EXERCISE DESCRIPTION: Where the data below shows a picture, leave that picture out and copy the rest exactly.

RAW DATA:
Start of Block

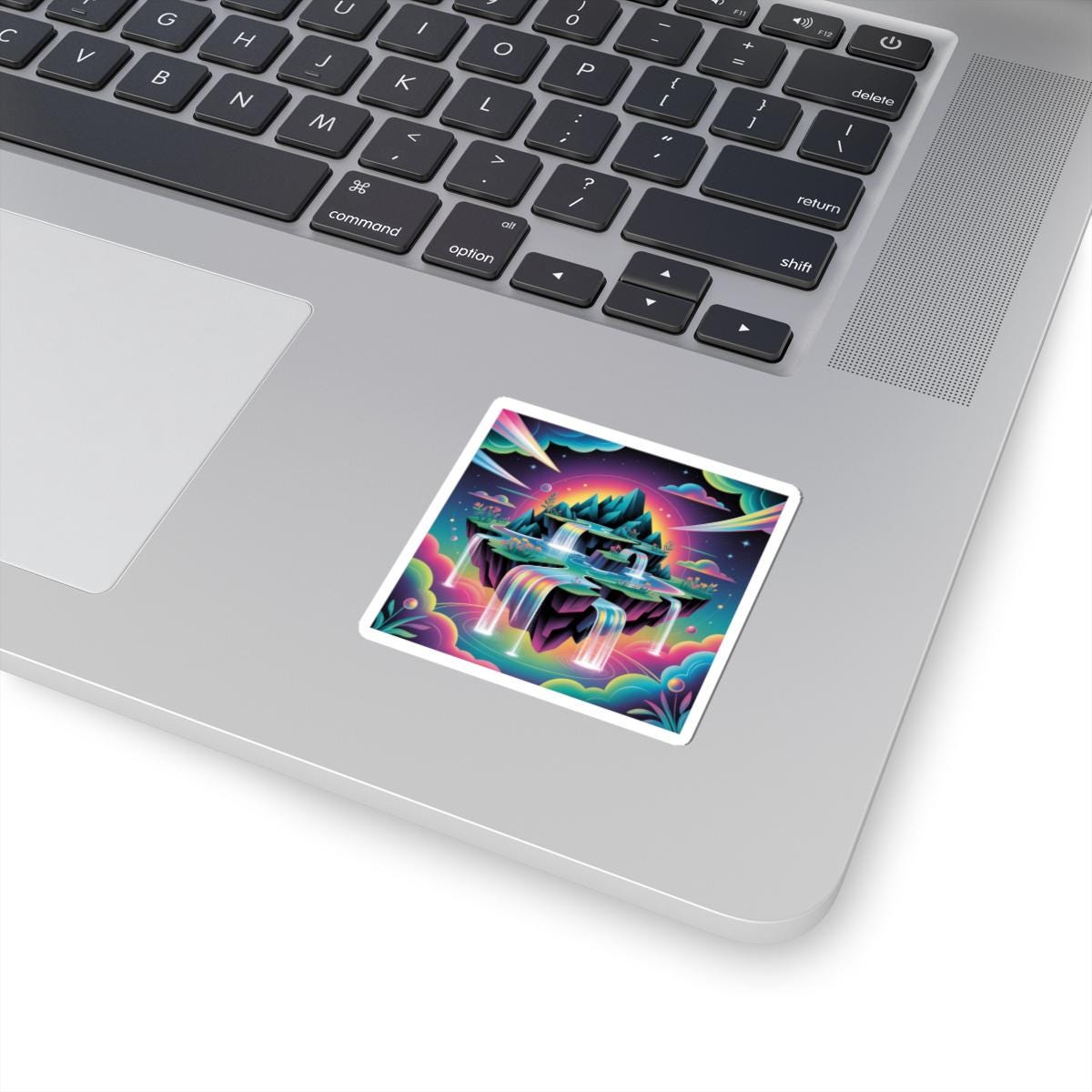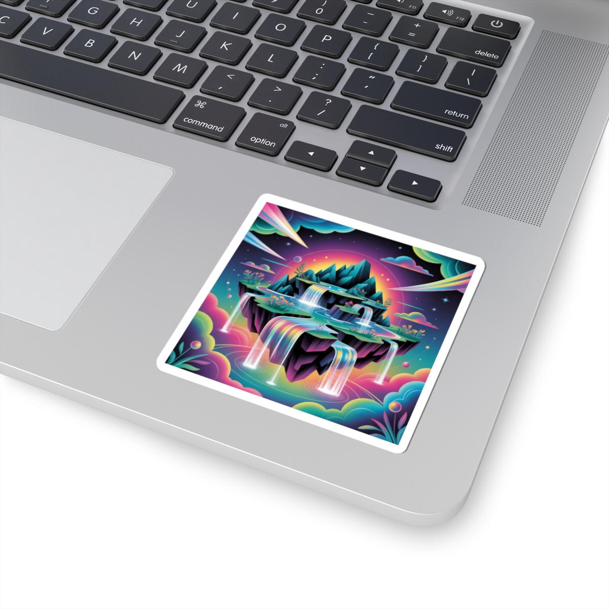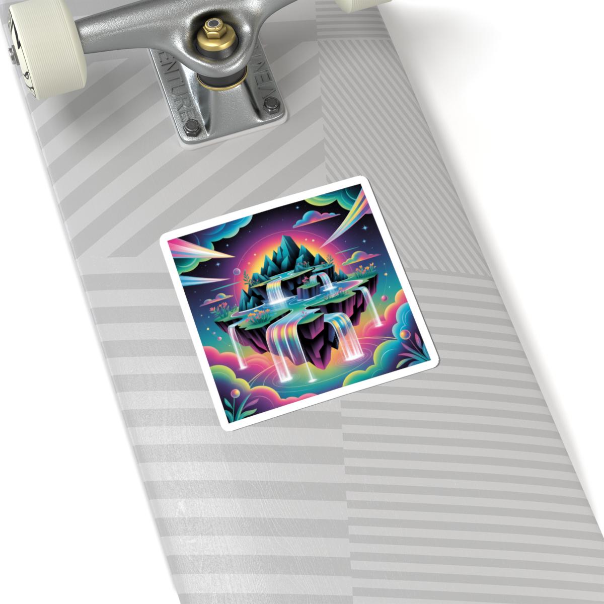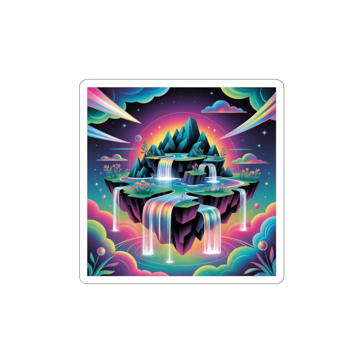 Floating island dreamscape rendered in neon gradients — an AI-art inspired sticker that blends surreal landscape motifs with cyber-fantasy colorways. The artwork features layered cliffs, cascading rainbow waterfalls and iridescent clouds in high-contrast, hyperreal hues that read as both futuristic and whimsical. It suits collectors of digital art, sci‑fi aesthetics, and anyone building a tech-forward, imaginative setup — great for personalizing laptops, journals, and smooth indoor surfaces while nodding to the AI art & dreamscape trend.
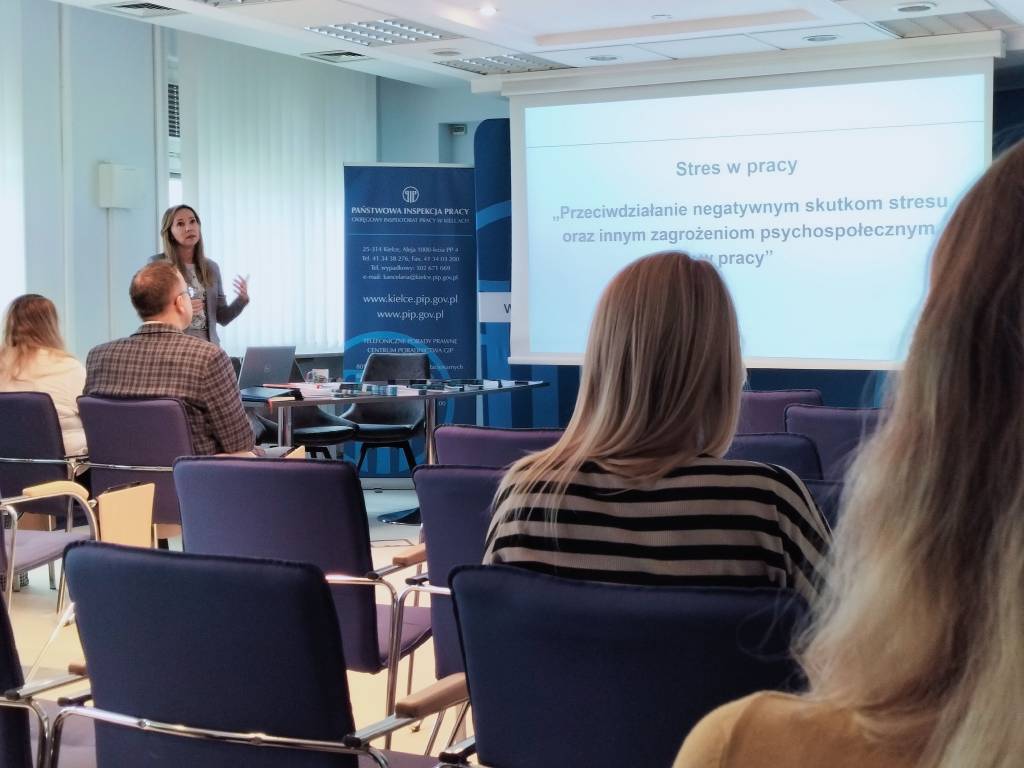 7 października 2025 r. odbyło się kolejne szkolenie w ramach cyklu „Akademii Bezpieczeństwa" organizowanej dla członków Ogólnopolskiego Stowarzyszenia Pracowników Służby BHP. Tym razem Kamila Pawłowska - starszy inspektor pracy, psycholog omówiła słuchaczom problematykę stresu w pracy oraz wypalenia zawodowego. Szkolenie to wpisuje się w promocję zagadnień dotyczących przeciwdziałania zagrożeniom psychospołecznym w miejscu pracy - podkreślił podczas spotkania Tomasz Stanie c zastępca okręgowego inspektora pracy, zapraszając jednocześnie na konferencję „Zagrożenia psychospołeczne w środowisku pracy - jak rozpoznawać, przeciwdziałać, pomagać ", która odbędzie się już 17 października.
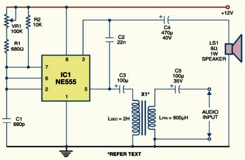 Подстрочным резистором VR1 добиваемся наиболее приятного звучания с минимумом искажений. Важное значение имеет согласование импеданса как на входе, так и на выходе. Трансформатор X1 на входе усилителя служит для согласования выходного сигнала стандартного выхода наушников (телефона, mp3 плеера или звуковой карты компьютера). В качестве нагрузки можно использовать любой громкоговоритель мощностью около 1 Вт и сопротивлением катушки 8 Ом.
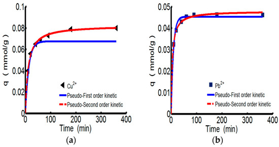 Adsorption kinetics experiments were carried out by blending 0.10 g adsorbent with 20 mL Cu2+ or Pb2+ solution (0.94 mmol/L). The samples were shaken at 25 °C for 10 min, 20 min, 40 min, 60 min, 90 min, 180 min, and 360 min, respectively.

End of Block

TASK RESPONSE:
 Floating island dreamscape rendered in neon gradients — an AI-art inspired sticker that blends surreal landscape motifs with cyber-fantasy colorways. The artwork features layered cliffs, cascading rainbow waterfalls and iridescent clouds in high-contrast, hyperreal hues that read as both futuristic and whimsical. It suits collectors of digital art, sci‑fi aesthetics, and anyone building a tech-forward, imaginative setup — great for personalizing laptops, journals, and smooth indoor surfaces while nodding to the AI art & dreamscape trend.
 7 października 2025 r. odbyło się kolejne szkolenie w ramach cyklu „Akademii Bezpieczeństwa" organizowanej dla członków Ogólnopolskiego Stowarzyszenia Pracowników Służby BHP. Tym razem Kamila Pawłowska - starszy inspektor pracy, psycholog omówiła słuchaczom problematykę stresu w pracy oraz wypalenia zawodowego. Szkolenie to wpisuje się w promocję zagadnień dotyczących przeciwdziałania zagrożeniom psychospołecznym w miejscu pracy - podkreślił podczas spotkania Tomasz Stanie c zastępca okręgowego inspektora pracy, zapraszając jednocześnie na konferencję „Zagrożenia psychospołeczne w środowisku pracy - jak rozpoznawać, przeciwdziałać, pomagać ", która odbędzie się już 17 października.
 Подстрочным резистором VR1 добиваемся наиболее приятного звучания с минимумом искажений. Важное значение имеет согласование импеданса как на входе, так и на выходе. Трансформатор X1 на входе усилителя служит для согласования выходного сигнала стандартного выхода наушников (телефона, mp3 плеера или звуковой карты компьютера). В качестве нагрузки можно использовать любой громкоговоритель мощностью около 1 Вт и сопротивлением катушки 8 Ом.
 Adsorption kinetics experiments were carried out by blending 0.10 g adsorbent with 20 mL Cu2+ or Pb2+ solution (0.94 mmol/L). The samples were shaken at 25 °C for 10 min, 20 min, 40 min, 60 min, 90 min, 180 min, and 360 min, respectively.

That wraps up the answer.